* [WORK INSTRUCTION]
Write out the lines below once more, exactly as they appear. Do not include pictures.

* [SUPPLIED RECORDS]
_ _ _

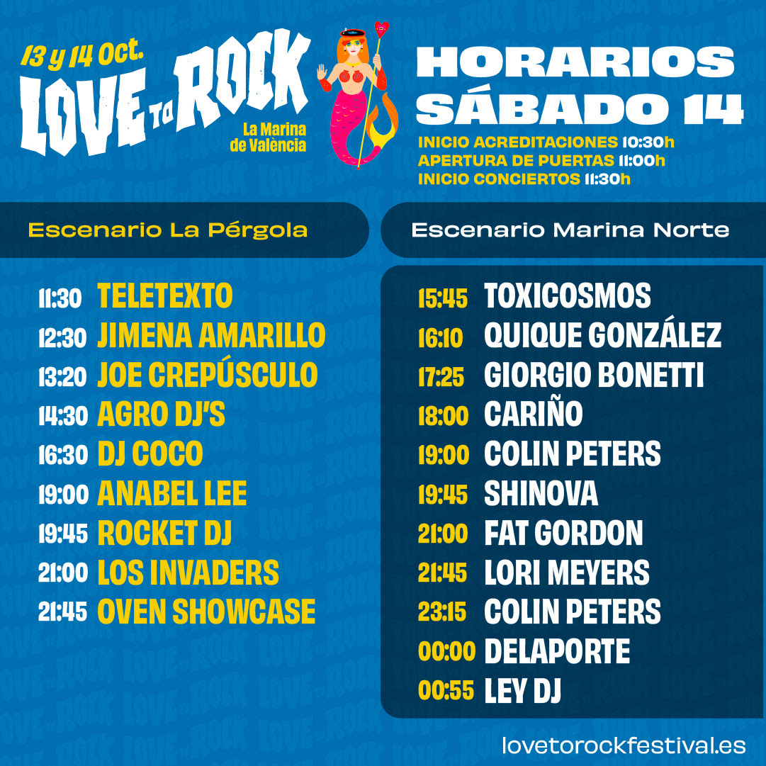 El sábado 14 de octubre, abrirá la jornada por la mañana en Escenario La Pérgola la actuación de Teletexto a las 11.30h, Jimena Amarillo a las 12.30h, Joe Crepúsculo a las 13.20h, Agro DJ’s a las 14.30h. Y la sesión de tarde en este mismo escenario, será desde las 19.00h con Anabel Lee, 19.45h Rocket DJ, 21.00h Los Invaders y 21.45h Oven Showcase. Y en Escenario Marina Norte, a las 15.45h la sesión de Toxicosmos, 16.10h Quique González, 17.25h Giorgio Bonetti, 18.00h Cariño, 19.00h Colin Peters, 19.45h Shinova, 21.00h Fat Gordon, 21.45h Lori Meyers, 23.15h Colin Peters, 00.00h Delaporte y la despedida de esta edición será a cargo de Ley DJ a las 00.55h.
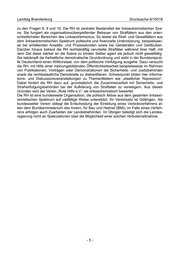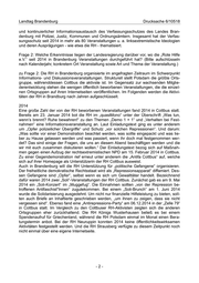Landtag Brandenburg Drucksache 6/10518 2015 Im Jahr 2015 mobilisierte die RH vor allem gegen Rechtsextremisten. Im Februar 2015 wurden auf den Homepages der Ortsgruppen Königs Wusterhausen und Cottbus anläss- lich regionaler rechtsextremistischer Demonstrationen Aufrufe zu Gegendemonstrationen eingestellt. In der späteren Darstellung auf der Homepage der RH zu der Cottbuser De- monstration wird insbesondere das angebliche Fehlverhalten der eingesetzten Polizeikräf- te thematisiert und an Einzelbeispielen vermeintlich überhartes Vorgehen gegen Gegen- demonstranten dargelegt. Dies alles geschieht unter dem Aspekt, die Rechtmäßigkeit staatlichen Handelns in Frage zu stellen und es zu diskreditieren. 2016 Im Jahr 2016 unterstützte die RH unter anderem Demonstrationen und Aktionen gegen Versammlungen des POGIDA-Bündnissees in Potsdam. Die RH versorgte verschiedene Gruppen und Akteure mit Know-how und veranstaltete Vorträge und Schulungen zum Um- gang mit Polizeibeamten und Sicherheitsbehörden. Damit hatte sie maßgeblich zur Pro- fessionalisierung der gewaltbereiten autonomen Szene beigetragen und die Gewalteskala- tion im Frühjahr 2016 befördert. 2017 Die RH hatte auch im Jahr 2017 in der gesamten linksextremistischen Szene Einfluss. Sie diente ihr als Scharnier und unterstützt die Szene mit Know-how, organisiert Veranstaltun- gen, Schulungen und Trainings. Bei den Aktions- und Blockadetrainings werden Strategien und Taktiken regelmäßig den aktuellen Gegebenheiten angepasst. Darüber hinaus betrieb die RH auch 2017 ihr Kerngeschäft mit der Verteidigung und Beratung linksextremistischer Straftäter und veröffentlichte zahlreiche Demonstrationen und Versammlungen zum Um- gang mit Polizeibeamten und Sicherheitsbehörden. 2018 Die Aktivitäten der RH im Jahr 2018 werden im Verfassungsschutzbericht abgebildet. Ins- gesamt ist festzustellen, dass der sich seit Jahren festzustellende Trend zu einem klan- destinen Vorgehen der RH sich im Jahr 2018 fortsetzt. Termine für Treffen der RH werden nur noch selten öffentlich bekannt gegeben und können daher in der öffentlichen Bericht- erstattung nicht erwähnt werden. Weiterhin rief die RH alljährlich zu Versammlungen anlässlich des 18. März “Internationaler Tag der Hilfe für die politischen Gefangenen” auf. Laut eigenen Angaben der OG Potsdam, welche auf deren Homepage veröffentlicht sind, finden regel- mäßige Beratungen am 1. Mittwoch im Monat um 19 Uhr im Kontext Hermann-Elflein-Str. 32 in Potsdam statt. Frage 3: Ist der Landesregierung bekannt, ob seit 2014 Werbematerialien der „Roten Hilfe e.V.“ in staatlich genutzten Gebäuden erhältlich waren? (Bitte auflisten nach Kalenderjahr, Gebäudestandort, Gebäudenutzer und Art des jeweiligen Werbematerials.) zu Frage 3: Hierzu liegen der Landesregierung keine Erkenntnisse vor. Frage 4: Wie bewertet die Landesregierung, dass Anfang 2015 der „Spartacus e.V.“ den von der Stadt Potsdam verliehenen Ehrenamtspreis der örtlichen „Roten Hilfe e.V.“ widme- te? -3-
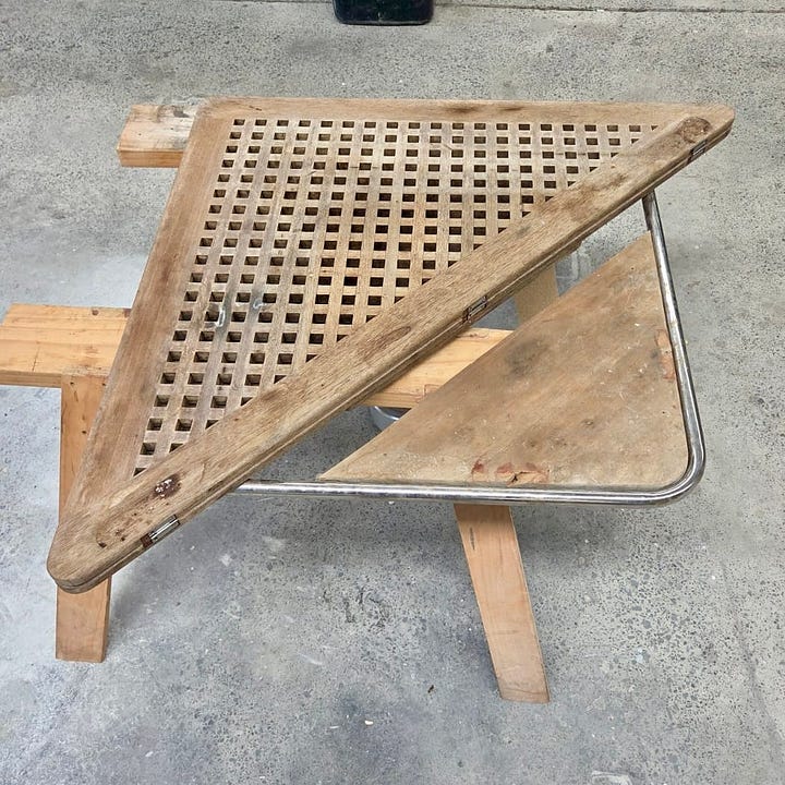 Replace table base. Fix table so it will fold up and refinish.
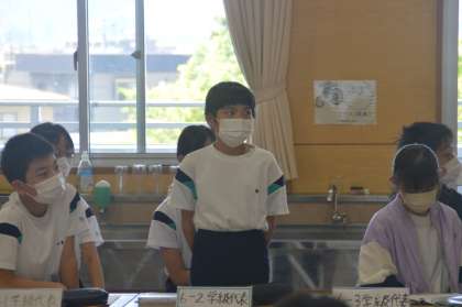 本日は、各クラスで決めた運動会の目当てを伝え合う代表委員会が開かれました。学級代表がクラスで決めた目当てを伝えたり、他のクラスの目当てを聞いて思ったことを話したりしていました。「他のクラスの意見を聞いて、6年生として頑張らないといけないと思った」などたくさん感想を言う学級代表でした。運営委員会の子供たちも、司会をしたり感想を言ったりし、立派に運営をしてくれました。
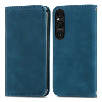For Sony Xperia 1 V Retro Skin Feel Magnetic Flip Leather Phone Case(Blue)
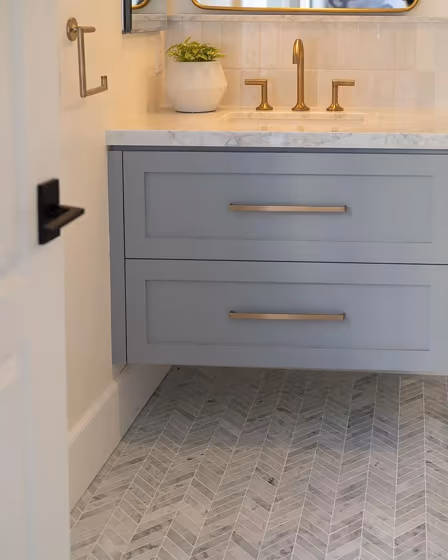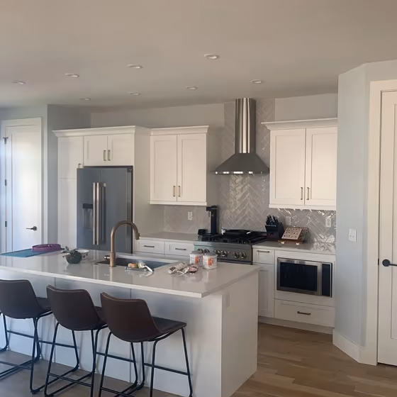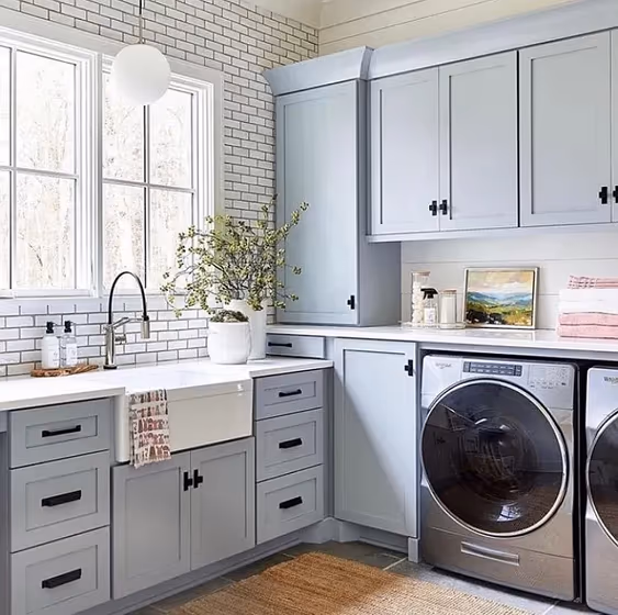 Want a stylish kitchen? View real-life photo examples of this fascinating cool hue is paired with backsplashes, countertops, and hardware.

_ _ _

* [EXERCISE OUTPUT]
 El sábado 14 de octubre, abrirá la jornada por la mañana en Escenario La Pérgola la actuación de Teletexto a las 11.30h, Jimena Amarillo a las 12.30h, Joe Crepúsculo a las 13.20h, Agro DJ’s a las 14.30h. Y la sesión de tarde en este mismo escenario, será desde las 19.00h con Anabel Lee, 19.45h Rocket DJ, 21.00h Los Invaders y 21.45h Oven Showcase. Y en Escenario Marina Norte, a las 15.45h la sesión de Toxicosmos, 16.10h Quique González, 17.25h Giorgio Bonetti, 18.00h Cariño, 19.00h Colin Peters, 19.45h Shinova, 21.00h Fat Gordon, 21.45h Lori Meyers, 23.15h Colin Peters, 00.00h Delaporte y la despedida de esta edición será a cargo de Ley DJ a las 00.55h.
Landtag Brandenburg Drucksache 6/10518 2015 Im Jahr 2015 mobilisierte die RH vor allem gegen Rechtsextremisten. Im Februar 2015 wurden auf den Homepages der Ortsgruppen Königs Wusterhausen und Cottbus anläss- lich regionaler rechtsextremistischer Demonstrationen Aufrufe zu Gegendemonstrationen eingestellt. In der späteren Darstellung auf der Homepage der RH zu der Cottbuser De- monstration wird insbesondere das angebliche Fehlverhalten der eingesetzten Polizeikräf- te thematisiert und an Einzelbeispielen vermeintlich überhartes Vorgehen gegen Gegen- demonstranten dargelegt. Dies alles geschieht unter dem Aspekt, die Rechtmäßigkeit staatlichen Handelns in Frage zu stellen und es zu diskreditieren. 2016 Im Jahr 2016 unterstützte die RH unter anderem Demonstrationen und Aktionen gegen Versammlungen des POGIDA-Bündnissees in Potsdam. Die RH versorgte verschiedene Gruppen und Akteure mit Know-how und veranstaltete Vorträge und Schulungen zum Um- gang mit Polizeibeamten und Sicherheitsbehörden. Damit hatte sie maßgeblich zur Pro- fessionalisierung der gewaltbereiten autonomen Szene beigetragen und die Gewalteskala- tion im Frühjahr 2016 befördert. 2017 Die RH hatte auch im Jahr 2017 in der gesamten linksextremistischen Szene Einfluss. Sie diente ihr als Scharnier und unterstützt die Szene mit Know-how, organisiert Veranstaltun- gen, Schulungen und Trainings. Bei den Aktions- und Blockadetrainings werden Strategien und Taktiken regelmäßig den aktuellen Gegebenheiten angepasst. Darüber hinaus betrieb die RH auch 2017 ihr Kerngeschäft mit der Verteidigung und Beratung linksextremistischer Straftäter und veröffentlichte zahlreiche Demonstrationen und Versammlungen zum Um- gang mit Polizeibeamten und Sicherheitsbehörden. 2018 Die Aktivitäten der RH im Jahr 2018 werden im Verfassungsschutzbericht abgebildet. Ins- gesamt ist festzustellen, dass der sich seit Jahren festzustellende Trend zu einem klan- destinen Vorgehen der RH sich im Jahr 2018 fortsetzt. Termine für Treffen der RH werden nur noch selten öffentlich bekannt gegeben und können daher in der öffentlichen Bericht- erstattung nicht erwähnt werden. Weiterhin rief die RH alljährlich zu Versammlungen anlässlich des 18. März “Internationaler Tag der Hilfe für die politischen Gefangenen” auf. Laut eigenen Angaben der OG Potsdam, welche auf deren Homepage veröffentlicht sind, finden regel- mäßige Beratungen am 1. Mittwoch im Monat um 19 Uhr im Kontext Hermann-Elflein-Str. 32 in Potsdam statt. Frage 3: Ist der Landesregierung bekannt, ob seit 2014 Werbematerialien der „Roten Hilfe e.V.“ in staatlich genutzten Gebäuden erhältlich waren? (Bitte auflisten nach Kalenderjahr, Gebäudestandort, Gebäudenutzer und Art des jeweiligen Werbematerials.) zu Frage 3: Hierzu liegen der Landesregierung keine Erkenntnisse vor. Frage 4: Wie bewertet die Landesregierung, dass Anfang 2015 der „Spartacus e.V.“ den von der Stadt Potsdam verliehenen Ehrenamtspreis der örtlichen „Roten Hilfe e.V.“ widme- te? -3-
 Replace table base. Fix table so it will fold up and refinish.
 本日は、各クラスで決めた運動会の目当てを伝え合う代表委員会が開かれました。学級代表がクラスで決めた目当てを伝えたり、他のクラスの目当てを聞いて思ったことを話したりしていました。「他のクラスの意見を聞いて、6年生として頑張らないといけないと思った」などたくさん感想を言う学級代表でした。運営委員会の子供たちも、司会をしたり感想を言ったりし、立派に運営をしてくれました。
For Sony Xperia 1 V Retro Skin Feel Magnetic Flip Leather Phone Case(Blue)
 Want a stylish kitchen? View real-life photo examples of this fascinating cool hue is paired with backsplashes, countertops, and hardware.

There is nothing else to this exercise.